Brian2cuda INFO - error question

Description of problem

I am building a retina simulator and successfully running brian2cuda in WSL2 under Windows 11, and the result seems ok. However, I am getting device -associated INFOs which include error lines (see below). I would like to understand the errors before continuing.

The error lines appear when executing the following expression:
b2.device.run(
run_args={
x_input: this_x_vec,
neuron_group.HS: this_HS,
neuron_group.TS: this_TS * b2u.ms,
}
)

Additional note: I needed np.ascontiguousarray method for my 2D views of a 3D array, which was not mentioned in the brian2cuda documentation.

Minimal code to reproduce problem

Original method:
“”"
def create_dynamic_temporal_signal(
self, tvec, svec, _dt, params, show_impulse=False, impulse_contrast=1.0
):
“”"
Dynamic temporal signal for midget units
“”"
# params is [n units, n_features, n_domains] array, domains are the [center, surround].
n_units = params.shape[0]
n_timepoints = tvec.shape[-1]

    if params.ndim != 3:  # params is [n_units, n_features, n_domains]
        raise ValueError("params array must be 3D for midget units, aborting...")

    if svec.size == n_units * n_timepoints * 2:
        # Visual stimulus
        svecs = svec
    elif svec.size == n_timepoints:
        # Impulse response
        svecs = np.tile(
            np.expand_dims(svec, -1), (params.shape[0], 1, params.shape[2])
        )
    else:
        raise ValueError(
            "svec size matches neither visual simulus or impulse, aborting..."
        )

    tvec = np.expand_dims(tvec, axis=0)
    lp = np.zeros((n_units, n_timepoints, 2))

    # parameter name order for midget ["NL", "NLTL", "TS", "HS", "D", "A"]
    for domain_idx in range(2):
        NL = np.int32(params[:, 0, domain_idx])
        TL = params[:, 1, domain_idx] / params[:, 0, domain_idx]  # TL = NLTL / NL
        NL = np.expand_dims(NL, axis=-1)
        TL = np.expand_dims(TL, axis=-1)

        lp[:, :, domain_idx] = self._create_lowpass_response(tvec, NL, TL)

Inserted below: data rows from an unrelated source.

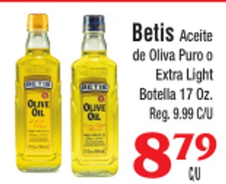 Betis Aceite de Oliva Puro o Extra Light Botella 17 Oz.
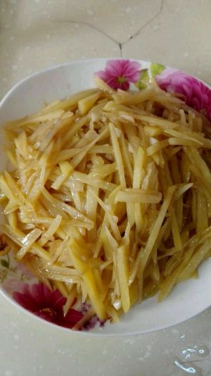 起油锅(油可多放些),倒入土豆丝翻炒,炒至八分熟,放入蒜沫继续翻炒,再加入糖,盐,鸡精炒匀,最后烹入适量的醋翻炒。
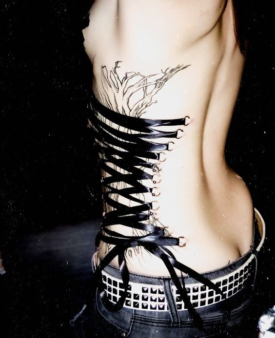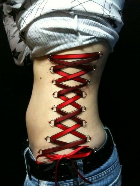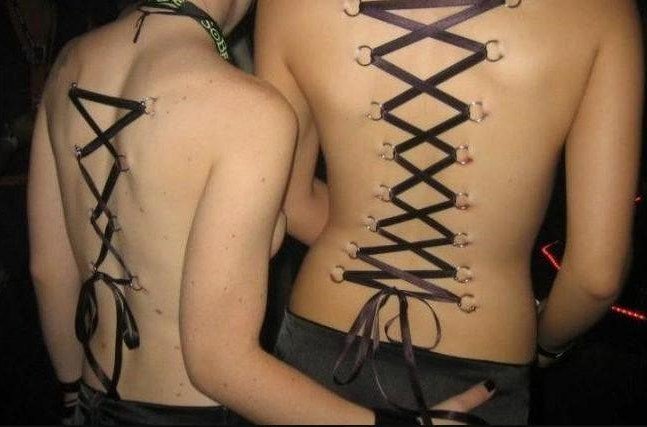 Отделно си струва да се отбележат сложните видове плоскостни пиърсинги, например корсет. Няколко пиърсинга са разположени на гърба. Бижутата са свързани с лента, която създава имитация на корсет. Широко разпространени са плоските пиърсинги на гениталиите и пубисната област.
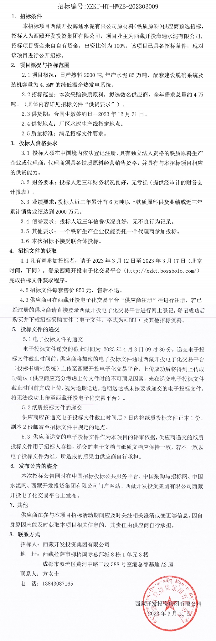 西藏開投海通水泥有限公司原材料(鐵質原料)
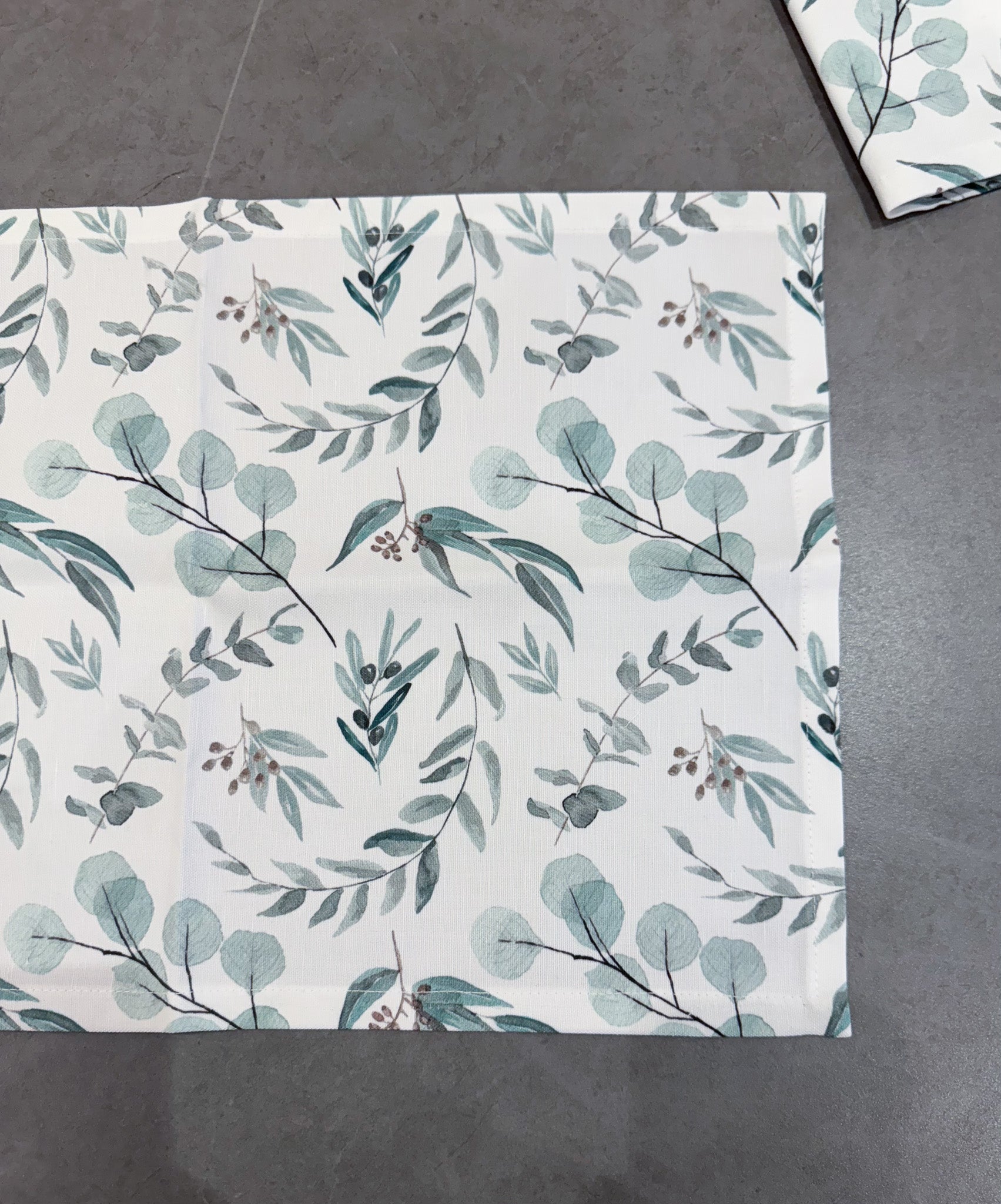 linen-cotton canvas placemats featuring a soft botanical leaf design in calming green and earthy tones. Perfect for everyday dining or special gatherings, these placemats combine natural elegance with durability.
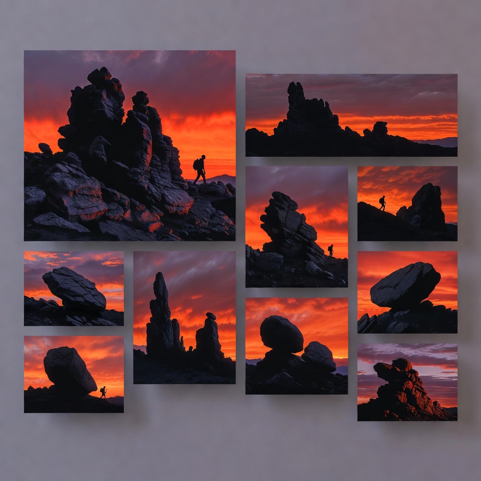 adventure, climbing, clouds, colors, evening, exploration, hiker, horizon, landscape, nature, outdoors, physical activity, rock formation, scenery, shadows, silhouette, sky, sunset, terrain, wilderness
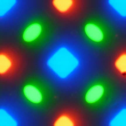 В этом экране используется матрица OLED — активная матрица на органических светодиодах. Полноцветное изображение создается с помощью субпикселей трех цветов — красного (R), зеленого (G) и синего (B), но красных и синих субпикселей в два раза меньше, что можно обозначить как RGBG. Это подтверждается фрагментом микрофотографии:
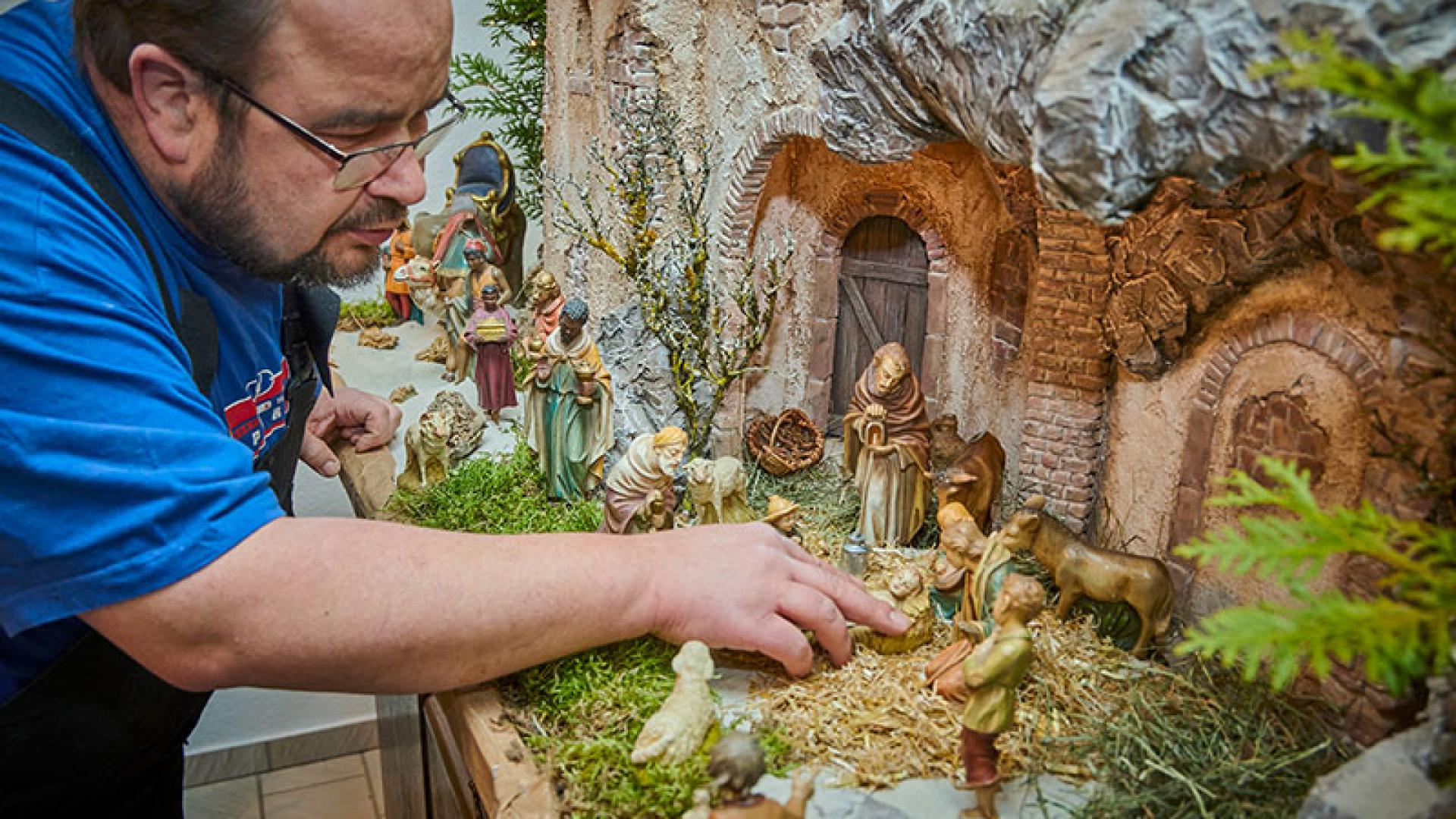 Aus Kartons holt der gelernte Tischler, der in einer Sargtischlerei arbeitet, dann Hunderte von Gipsfiguren heraus, die er über Jahrzehnte gesammelt hat. Manche messen nur zehn Zentimeter, andere sind bis zu einem Meter groß. Dutzende Marias, Josefs, Christkinder, Esel, Ochsen, Engel, Hirten und Könige sortiert er auf Tischen, Regalen und Fenstersimsen zu Weihnachtskrippen. Als Herbergen und Krippenlandschaften dienen Felsenhöhlen, moosbedeckte Innenhöfe, steinerne Häuser und Holzhütten – alles selbst gebaut und modelliert.

    lp_total = np.sum(lp, axis=(-2))
    # h_cen and h_sur are [n_units, n_timepoints]
    h_cen = lp[:, :, 0] / np.expand_dims(lp_total[:, 0], -1)
    h_sur = lp[:, :, 1] / np.expand_dims(lp_total[:, 1], -1)

    _HS = params[:, 3]
    _TS = params[:, 2]
    D = params[:, 4]

    padding_size = n_timepoints - 1

    # Pad the stimulus
    svec_padded = np.pad(svecs, ((0, 0), (padding_size, 0), (0, 0)), mode="edge")

    # Initialize the output arrays
    x_vec = np.empty((n_units, n_timepoints, 2))
    yvecs = np.zeros([n_units, n_timepoints, 2])

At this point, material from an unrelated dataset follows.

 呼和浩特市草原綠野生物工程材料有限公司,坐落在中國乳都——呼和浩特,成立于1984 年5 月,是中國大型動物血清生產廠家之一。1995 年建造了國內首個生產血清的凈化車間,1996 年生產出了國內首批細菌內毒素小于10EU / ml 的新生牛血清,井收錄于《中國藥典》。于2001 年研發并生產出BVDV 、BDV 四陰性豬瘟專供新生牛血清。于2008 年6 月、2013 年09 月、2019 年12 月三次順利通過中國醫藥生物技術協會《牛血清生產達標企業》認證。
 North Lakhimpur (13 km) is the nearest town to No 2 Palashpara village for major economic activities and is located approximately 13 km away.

    for domain_idx, h in enumerate([h_cen, h_sur]):
        # Convolve the stimulus with the low-pass kernel for all units
        for this_unit in range(n_units):
            x_vec[this_unit, :, domain_idx] = fftconvolve(
                svec_padded[this_unit, :, domain_idx], h[this_unit, :], mode="valid"
            )

    b2.set_device("cuda_standalone", build_on_run=False)

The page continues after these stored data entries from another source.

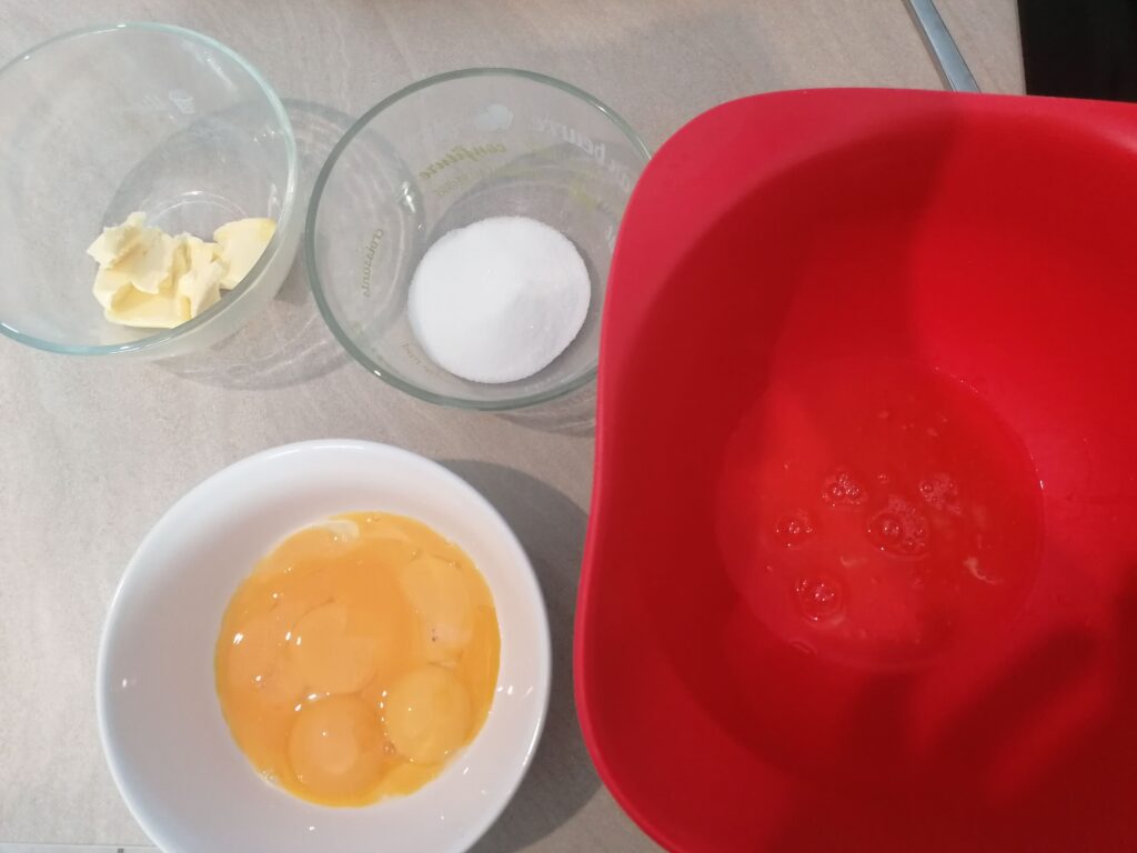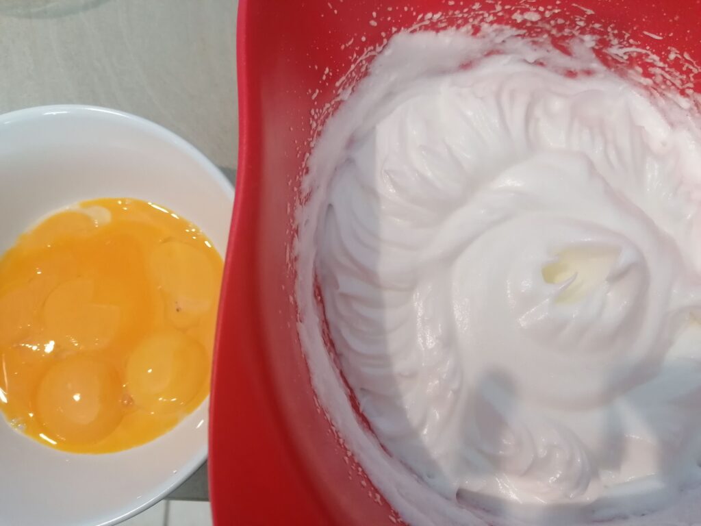 - En parallèle, clarifier les œufs dans 2 récipients différents, les jaunes dans un bol et les blancs dans un grand cul-de-poule.
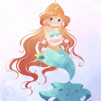red hair and is wearing a shell top, typical of depictions in fantasy stories or cartoons. She is also holding what appears to be a flower in her hand. The background suggests
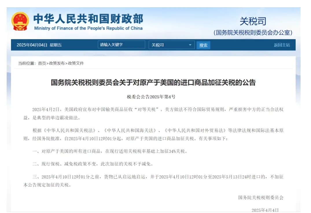 面对美国的挑衅,中国迅速作出反应,4月4日,中国发布反制措施,对原产于美国的所有进口商品加征34%关税,然而,美国并未收敛,反而变本加厉 南瓜高清播放,4月8日,美国政府宣布将对中国输美商品征收的“对等关税”税率从34%提高至84%,中国随即进行了同等关税的反制。
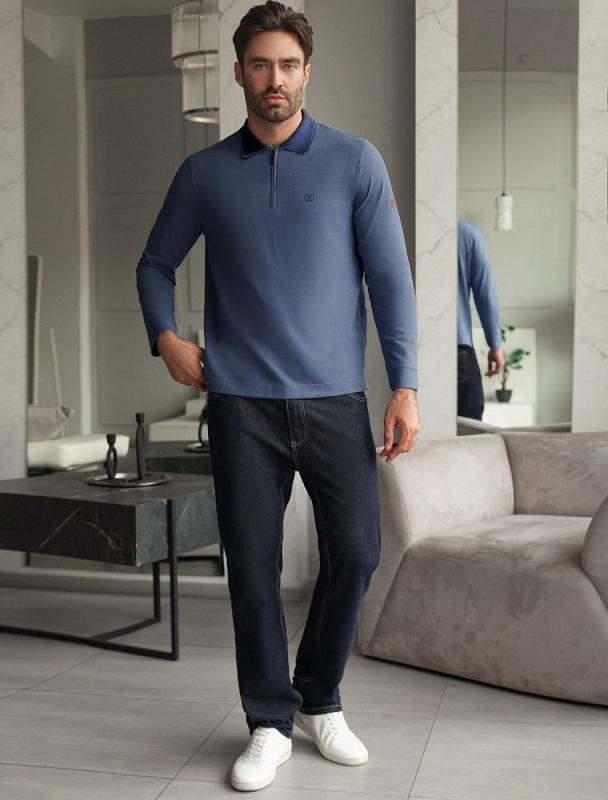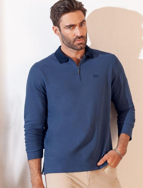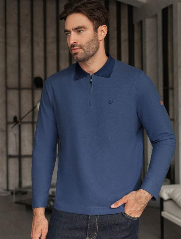 Стильный лонгслив светло-синего цвета с плетеным воротником поло с застежкой на молнию выполнен из премиального хлопка в сочетании с эластаном .Невероятно мягкая ткань из натуральных волокон - она едва ощутима на коже и словно обнимает тело. Материал при касании кажется бархатистым, при движении он словно повторяет все мельчайшие линии фигуры. По свойствам материал сочетает в себе практичность и нежность: отлично провускает воздух, сохраняя ощущение свежести в течение всего дня, при этом созраняет тепло в прохладную погоду.Идеально подходит для чувствительной кожи, не вызывает раздражения и дискомфорта. Удобный отложной воротник делает образ современным и стильным, а длинные рукава с манжетами защищают руки при ветреной погоде. Поло хорошо садится по фигуре благодаря добавлению эластичных волокон — такой вариант подходит для мужчин любого роста и размеров, не стесняет движений и создает ощущение свободы и легкости. Лонгслив с молнией дополнен ненавязчивой вышивкой на груди в виде логотипа бре

    # Define the equations for the high-pass stage
    eqs = """
    dy/dt = (-y + TS * x_derivative + (1 - HS) * x_input(t, i)) / TS : 1
    x_derivative = (x_input(t, i) - x_input(t-dt, i)) / dt : Hz
    # Parameters
    HS : 1
    TS : second
    """

    _dt = _dt * b2u.ms
    simulation_duration = n_timepoints * _dt
    x_input = b2.TimedArray(np.zeros_like(x_vec[:, :, 0].T), dt=_dt)
    neuron_group = b2.NeuronGroup(n_units, eqs, method="euler", dt=_dt)
    neuron_group.HS = _HS[:, 0]
    neuron_group.TS = _TS[:, 0] * b2u.ms
    state_monitor = b2.StateMonitor(neuron_group, ["y"], record=True)
    b2.run(simulation_duration)
    b2.device.build(directory="cuda_standalone", compile=True, run=False)
    for domain_idx, h in enumerate([h_cen, h_sur]):
        this_x_vec = np.ascontiguousarray(x_vec[:, :, domain_idx].T)
        this_HS = np.ascontiguousarray(_HS[:, domain_idx])
        this_TS = np.ascontiguousarray(_TS[:, domain_idx])

        b2.device.run(
            run_args={
                x_input: this_x_vec,
                neuron_group.HS: this_HS,
                neuron_group.TS: this_TS * b2u.ms,
            }
        )

        yvecs[:, :, domain_idx] = state_monitor.y

    # Sum center and surround responses
    yvecs = np.sum(yvecs, axis=-1)
    if show_impulse is True:
        return yvecs

    # Add delay
    delay_timepoints = np.int16(np.round(D / _dt))
    generator_potential = np.zeros((n_units, n_timepoints + delay_timepoints))
    generator_potential[:, delay_timepoints:] = yvecs

    return generator_potential

“”"

What you have aready tried

The files mentioned in the error code exist under cuda_standalone\static_arrays
They are binary and non-empty

Expected output (if relevant)

No error lines (see below)

Actual output (if relevant)

“”"
INFO CUDA installation directory found in standard location: /usr/local/cuda [brian2cuda.utils.gputools]
INFO Compiling device code for GPU 0 (NVIDIA GeForce RTX 3080 Ti Laptop GPU) [brian2cuda.utils.gputools]
INFO Compiling device code for compute capability 8.6 (compiler flags: [‘-arch=sm_86’]) [brian2cuda.device]
INFO Using the following preferences for CUDA standalone: [brian2cuda.device]
INFO devices.cuda_standalone.SM_multiplier = 1 [brian2cuda.device]
INFO devices.cuda_standalone.parallel_blocks = 1 [brian2cuda.device]
INFO devices.cuda_standalone.launch_bounds = False [brian2cuda.device]
INFO devices.cuda_standalone.syn_launch_bounds = False [brian2cuda.device]
INFO devices.cuda_standalone.calc_occupancy = True [brian2cuda.device]
INFO devices.cuda_standalone.extra_threshold_kernel = True [brian2cuda.device]
INFO devices.cuda_standalone.random_number_generator_type = CURAND_RNG_PSEUDO_DEFAULT [brian2cuda.device]
INFO devices.cuda_standalone.random_number_generator_ordering = False [brian2cuda.device]
INFO devices.cuda_standalone.push_synapse_bundles = True [brian2cuda.device]
INFO devices.cuda_standalone.threads_per_synapse_bundle = {max} [brian2cuda.device]
INFO devices.cuda_standalone.bundle_threads_warp_multiple = False [brian2cuda.device]
INFO devices.cuda_standalone.no_pre_references = False [brian2cuda.device]
INFO devices.cuda_standalone.no_post_references = False [brian2cuda.device]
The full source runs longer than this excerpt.